THE PROBLEM:
Repeat the records below verbatim, and do not copy their pictures.
----------------
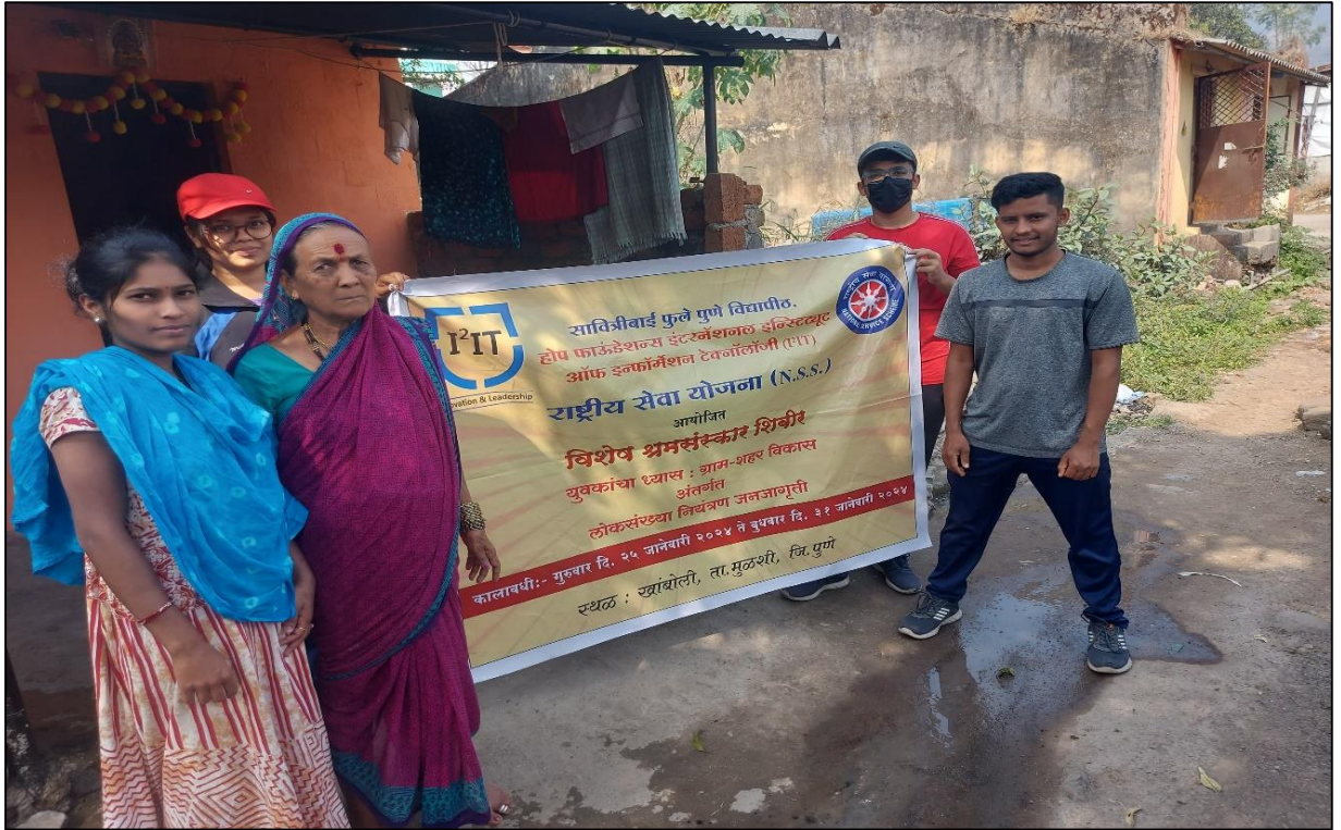
Photo 3: NSS volunteers After successful Ayushman Bharat card preparation process
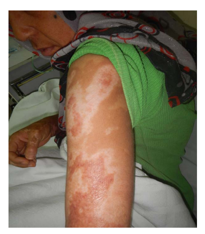
Picture 4. Photo of the upper arm of a female casualty taken by the FFM.
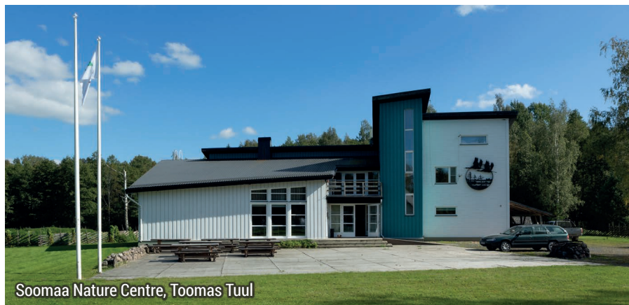
Soomaa Nature Centre, Toomas Tuul

The RMK Soomaa Nature Centre ⑧ is in Kõrtsi-Tõramaa. Established in 1998, the centre was built on the former site of Naari Inn. To obtain information on the sights, hiking trails and campfire sites in the national park or to get answers to any questions related to visiting Soomaa, visitors are welcome at the centre. Here you can take a look at themed exhibitions, information displays, a photography exhibition entitled 'The Fifth Season 2010' and nature movies.
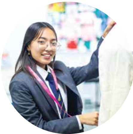
B.Sc in Fashion Design & Management
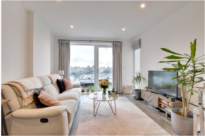
HULFORD APARTMENTS, CHARLTON, LONDON, SE7 £365,000 LEASEHOLD

WE ARE DELIGHTED TO OFFER THIS IMMACULATE ONE BEDROOM, 5TH FLOOR, APARTMENT THAT MEASURES CIRCA 584 SQ FT AND IS WELL LOCATED JUST MOMENTS FROM CHARLTON MAINLINE RAIL.
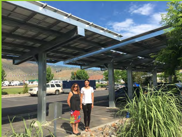
Commercial Solar Installation in Carson City
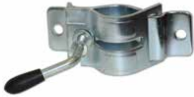
CLAMP ONLY FOR CAMEC JOCKEY WHEEL
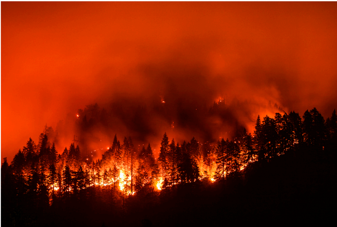
Fig. 1. Carbon-management policies would do well to use disturbance ecology to factor in tree mortality risk. For wildfire and other impactful disturbances, researchers now have the capability to incorporate these risks into policy mechanisms that enhance forest carbon storage. Doing so would substantially improve global forest carbon policies aimed at climate change mitigation.

What has been missing is the explicit use of disturbance ecology to factor in tree mortality risk. For wildfire and other impactful disturbances, our understanding is now sufficient to incorporate these risks into policy mechanisms that enhance forest carbon storage. Doing so would substantially improve global forest carbon policies aimed at climate-change mitigation.
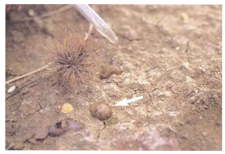
Figure 31-3. The presence of excessive calcium salts can be confirmed by placing a drop of dilute acid on the soil to see if effervescence occurs.
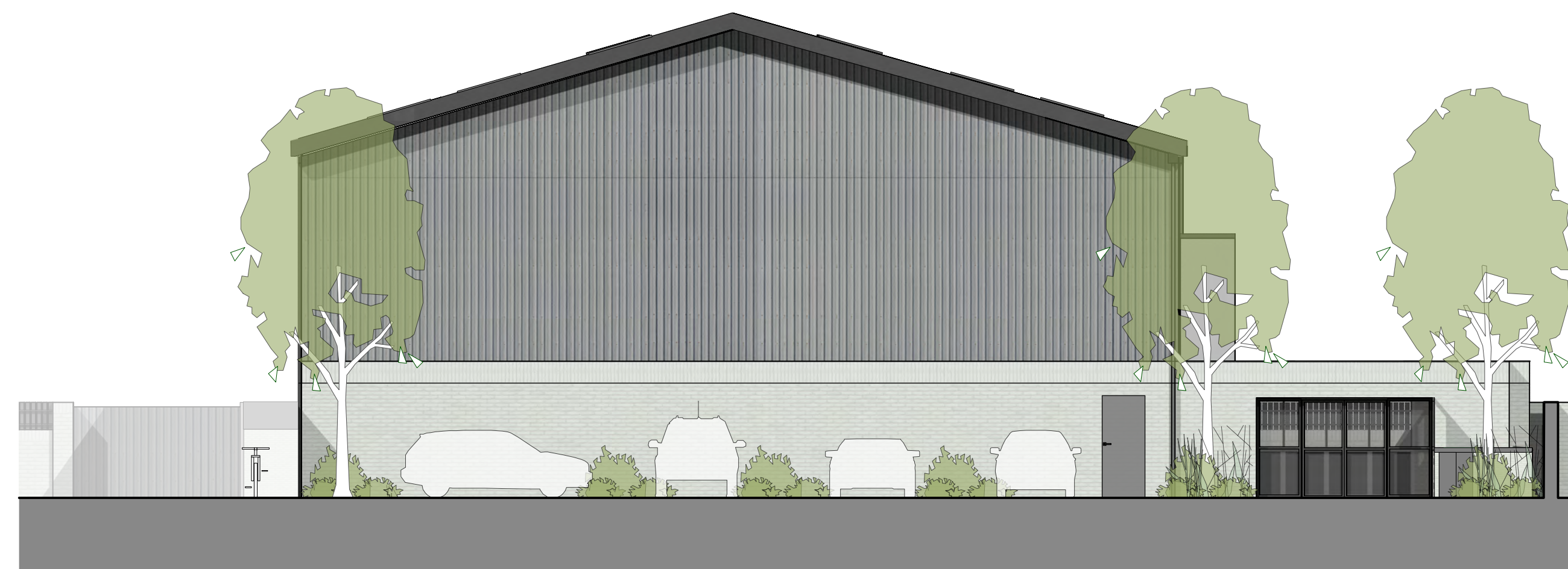
4 Elevation D Scale: 1:100
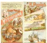
Source 2. Pamphlet advertising 'Harry Poole's Myriorama' at the Theatre Royal, Worthing, 1897
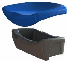
Upper and lower sections of the seat

Blow moulded double skinned high density polyethylene, contoured for comfort and finished in a choice of 15 colours. The lower section and upper section of the seat can be finished in different colours if desired.
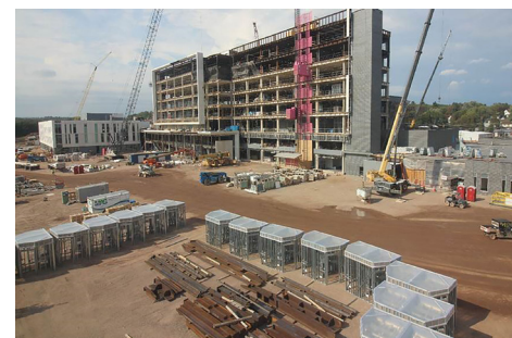
Above: South eastern view of the project, with the clinic building on the left. In the forefront, prefabricated bathroom pods are ready to be hoisted to the sixth floor.
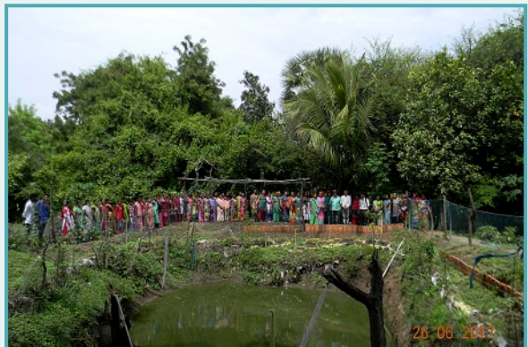
Exposure Visit for Nutrition Garden Project Participants
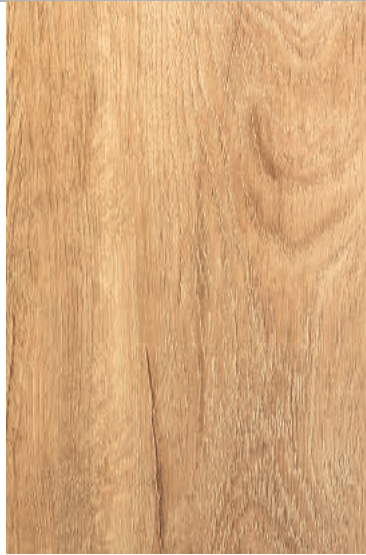
COLOR: TAWNY LEAVES SKU# SG-4007-18
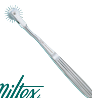
Miltex Miltex Pinwheel (953-5679)...Premium grade (110-2059)...OR grade (100-4520)...Mid-grade
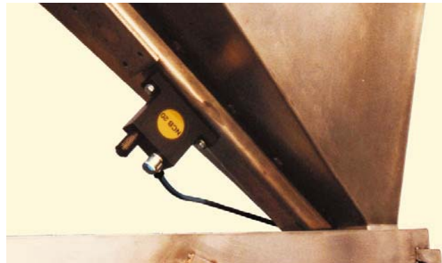
Emptying without bridging
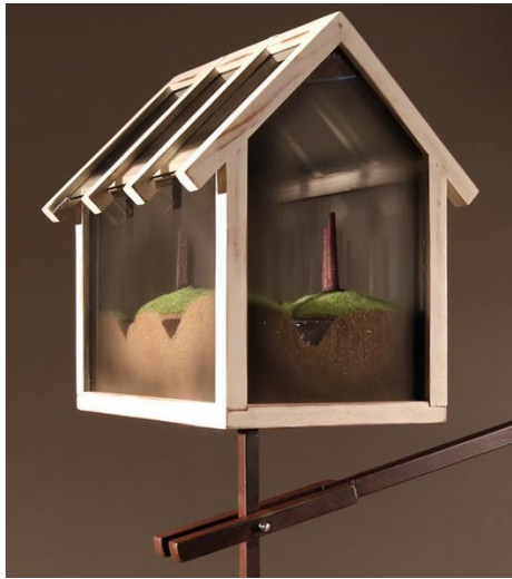
Work by Jonathan Pellitteri

"The quasi-architectural/ mechanical appearance of my sculptures combine archaic construction methods with modern techniques and materials, in an effort to demonstrate my appreciation for the immediacy of antiquated technology, as I do my best to embrace the advancements of today," adds
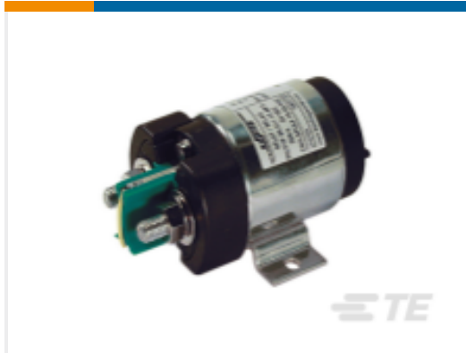
TE Part # CAT-AL6-KSPR30200 Power Relay, 200A, Standard, Bistable, 2 Coils, Polarized
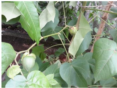
Figure 2 Cotton fruit
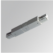
Product code: TKAAIDNW
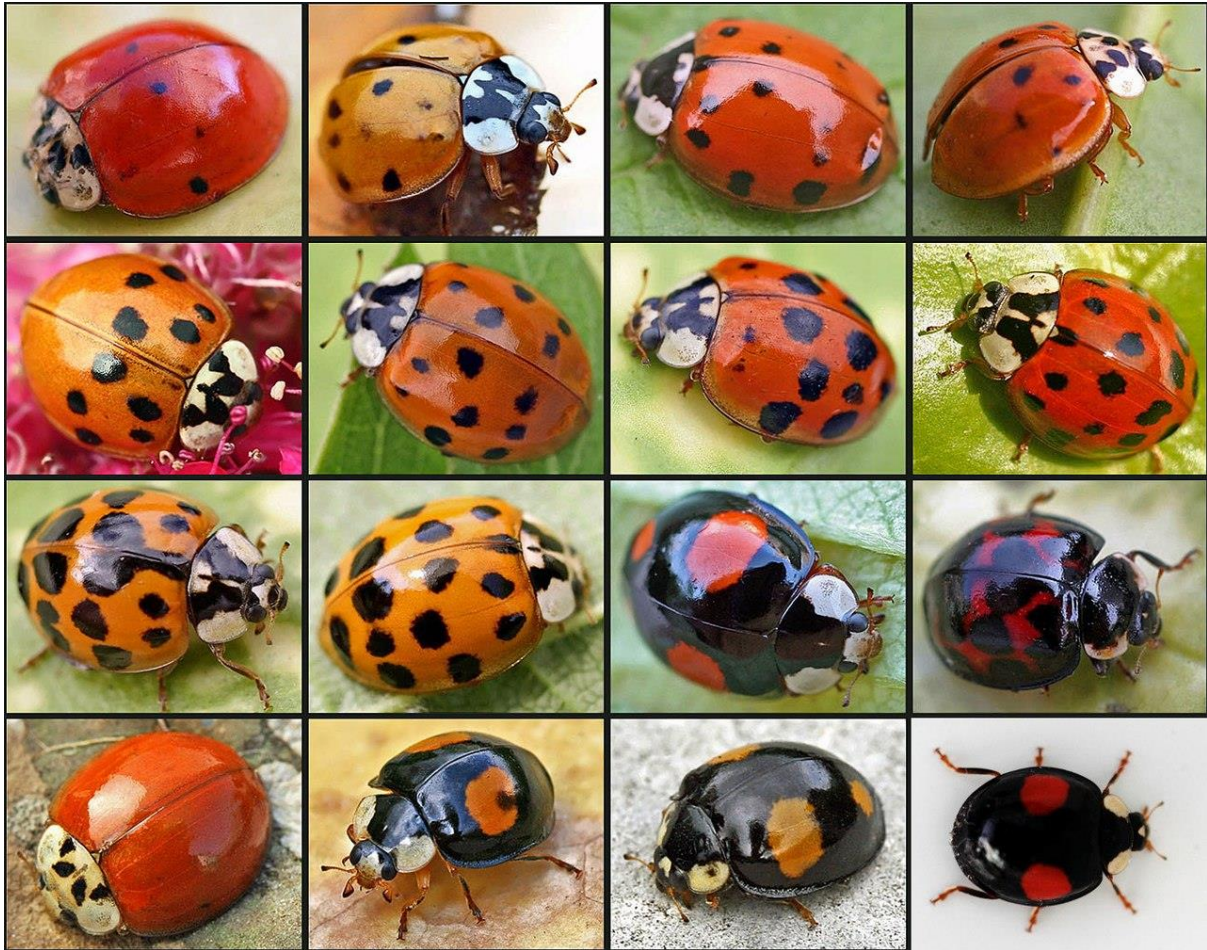
Fig. 3. The many forms of Harmonia axyridis , the harlequin ladybird.

In addition to harlequin ladybirds, other species Hesperomyces can also be found on other ladybird hosts, such as the two-spot and ten-spot ladybird ( Adalia bipunctata and Adalia decempunctata ), orange ladybird ( Halyzia sedecimguttata ), spider mite destroyer ladybirds ( Stethorus sp.), among many other ladybird hosts. Many of these are as of yet undescribed species, so if you see a ladybird, check it for fungal infection!
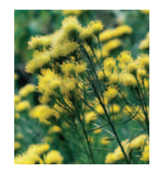
Goldilocks aster Aster linosyris
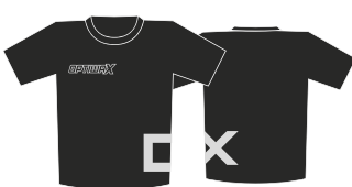
OPTIWAX T-SHIRT BLACK Product No 8310001
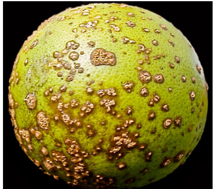
Figure 5. Raised, brown canker lesions on fruit with particularly prominent water soaked margins.

Further information about citrus canker can be found at http://www.crec.ifas.ufl.edu/extension/canker/ and http://www.freshfromflorida.com/pi/canker/ .
----------------
YOUR RESPONSE:
Photo 3: NSS volunteers After successful Ayushman Bharat card preparation process
Picture 4. Photo of the upper arm of a female casualty taken by the FFM.
Soomaa Nature Centre, Toomas Tuul

The RMK Soomaa Nature Centre ⑧ is in Kõrtsi-Tõramaa. Established in 1998, the centre was built on the former site of Naari Inn. To obtain information on the sights, hiking trails and campfire sites in the national park or to get answers to any questions related to visiting Soomaa, visitors are welcome at the centre. Here you can take a look at themed exhibitions, information displays, a photography exhibition entitled 'The Fifth Season 2010' and nature movies.
B.Sc in Fashion Design & Management
HULFORD APARTMENTS, CHARLTON, LONDON, SE7 £365,000 LEASEHOLD

WE ARE DELIGHTED TO OFFER THIS IMMACULATE ONE BEDROOM, 5TH FLOOR, APARTMENT THAT MEASURES CIRCA 584 SQ FT AND IS WELL LOCATED JUST MOMENTS FROM CHARLTON MAINLINE RAIL.
Commercial Solar Installation in Carson City
CLAMP ONLY FOR CAMEC JOCKEY WHEEL
Fig. 1. Carbon-management policies would do well to use disturbance ecology to factor in tree mortality risk. For wildfire and other impactful disturbances, researchers now have the capability to incorporate these risks into policy mechanisms that enhance forest carbon storage. Doing so would substantially improve global forest carbon policies aimed at climate change mitigation.

What has been missing is the explicit use of disturbance ecology to factor in tree mortality risk. For wildfire and other impactful disturbances, our understanding is now sufficient to incorporate these risks into policy mechanisms that enhance forest carbon storage. Doing so would substantially improve global forest carbon policies aimed at climate-change mitigation.
Figure 31-3. The presence of excessive calcium salts can be confirmed by placing a drop of dilute acid on the soil to see if effervescence occurs.
4 Elevation D Scale: 1:100
Source 2. Pamphlet advertising 'Harry Poole's Myriorama' at the Theatre Royal, Worthing, 1897
Upper and lower sections of the seat

Blow moulded double skinned high density polyethylene, contoured for comfort and finished in a choice of 15 colours. The lower section and upper section of the seat can be finished in different colours if desired.
Above: South eastern view of the project, with the clinic building on the left. In the forefront, prefabricated bathroom pods are ready to be hoisted to the sixth floor.
Exposure Visit for Nutrition Garden Project Participants
COLOR: TAWNY LEAVES SKU# SG-4007-18
Miltex Miltex Pinwheel (953-5679)...Premium grade (110-2059)...OR grade (100-4520)...Mid-grade
Emptying without bridging
Work by Jonathan Pellitteri

"The quasi-architectural/ mechanical appearance of my sculptures combine archaic construction methods with modern techniques and materials, in an effort to demonstrate my appreciation for the immediacy of antiquated technology, as I do my best to embrace the advancements of today," adds
TE Part # CAT-AL6-KSPR30200 Power Relay, 200A, Standard, Bistable, 2 Coils, Polarized
Figure 2 Cotton fruit
Product code: TKAAIDNW
Fig. 3. The many forms of Harmonia axyridis , the harlequin ladybird.

In addition to harlequin ladybirds, other species Hesperomyces can also be found on other ladybird hosts, such as the two-spot and ten-spot ladybird ( Adalia bipunctata and Adalia decempunctata ), orange ladybird ( Halyzia sedecimguttata ), spider mite destroyer ladybirds ( Stethorus sp.), among many other ladybird hosts. Many of these are as of yet undescribed species, so if you see a ladybird, check it for fungal infection!
Goldilocks aster Aster linosyris
OPTIWAX T-SHIRT BLACK Product No 8310001
Figure 5. Raised, brown canker lesions on fruit with particularly prominent water soaked margins.

Further information about citrus canker can be found at http://www.crec.ifas.ufl.edu/extension/canker/ and http://www.freshfromflorida.com/pi/canker/ .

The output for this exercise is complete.